Problem statement = Reproduce the material that follows, keeping every line exactly as it is.

Data extract =
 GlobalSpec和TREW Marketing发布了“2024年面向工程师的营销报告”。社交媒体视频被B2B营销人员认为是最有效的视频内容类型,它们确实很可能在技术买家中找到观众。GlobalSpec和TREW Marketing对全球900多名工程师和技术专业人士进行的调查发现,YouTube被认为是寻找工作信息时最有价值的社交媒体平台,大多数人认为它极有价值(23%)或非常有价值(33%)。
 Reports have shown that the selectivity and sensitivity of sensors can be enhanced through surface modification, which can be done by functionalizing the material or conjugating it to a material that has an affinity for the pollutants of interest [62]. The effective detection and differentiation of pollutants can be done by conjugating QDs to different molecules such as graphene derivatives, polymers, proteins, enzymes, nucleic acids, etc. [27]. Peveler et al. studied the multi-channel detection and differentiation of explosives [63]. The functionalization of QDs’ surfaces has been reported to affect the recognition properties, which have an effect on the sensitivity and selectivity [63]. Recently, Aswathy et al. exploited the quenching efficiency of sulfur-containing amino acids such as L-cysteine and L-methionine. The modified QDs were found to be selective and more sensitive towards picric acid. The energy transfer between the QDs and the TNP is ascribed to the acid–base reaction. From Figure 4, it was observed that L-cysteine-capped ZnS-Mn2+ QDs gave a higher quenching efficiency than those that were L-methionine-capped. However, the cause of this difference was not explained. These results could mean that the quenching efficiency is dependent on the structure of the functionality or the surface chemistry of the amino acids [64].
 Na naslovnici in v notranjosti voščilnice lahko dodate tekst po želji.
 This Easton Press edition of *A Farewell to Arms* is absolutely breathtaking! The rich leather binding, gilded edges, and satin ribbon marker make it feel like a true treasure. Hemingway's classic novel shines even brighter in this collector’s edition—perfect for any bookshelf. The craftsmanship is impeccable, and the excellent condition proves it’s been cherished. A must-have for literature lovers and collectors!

Answer section =
 GlobalSpec和TREW Marketing发布了“2024年面向工程师的营销报告”。社交媒体视频被B2B营销人员认为是最有效的视频内容类型,它们确实很可能在技术买家中找到观众。GlobalSpec和TREW Marketing对全球900多名工程师和技术专业人士进行的调查发现,YouTube被认为是寻找工作信息时最有价值的社交媒体平台,大多数人认为它极有价值(23%)或非常有价值(33%)。
 Reports have shown that the selectivity and sensitivity of sensors can be enhanced through surface modification, which can be done by functionalizing the material or conjugating it to a material that has an affinity for the pollutants of interest [62]. The effective detection and differentiation of pollutants can be done by conjugating QDs to different molecules such as graphene derivatives, polymers, proteins, enzymes, nucleic acids, etc. [27]. Peveler et al. studied the multi-channel detection and differentiation of explosives [63]. The functionalization of QDs’ surfaces has been reported to affect the recognition properties, which have an effect on the sensitivity and selectivity [63]. Recently, Aswathy et al. exploited the quenching efficiency of sulfur-containing amino acids such as L-cysteine and L-methionine. The modified QDs were found to be selective and more sensitive towards picric acid. The energy transfer between the QDs and the TNP is ascribed to the acid–base reaction. From Figure 4, it was observed that L-cysteine-capped ZnS-Mn2+ QDs gave a higher quenching efficiency than those that were L-methionine-capped. However, the cause of this difference was not explained. These results could mean that the quenching efficiency is dependent on the structure of the functionality or the surface chemistry of the amino acids [64].
 Na naslovnici in v notranjosti voščilnice lahko dodate tekst po želji.
 This Easton Press edition of *A Farewell to Arms* is absolutely breathtaking! The rich leather binding, gilded edges, and satin ribbon marker make it feel like a true treasure. Hemingway's classic novel shines even brighter in this collector’s edition—perfect for any bookshelf. The craftsmanship is impeccable, and the excellent condition proves it’s been cherished. A must-have for literature lovers and collectors!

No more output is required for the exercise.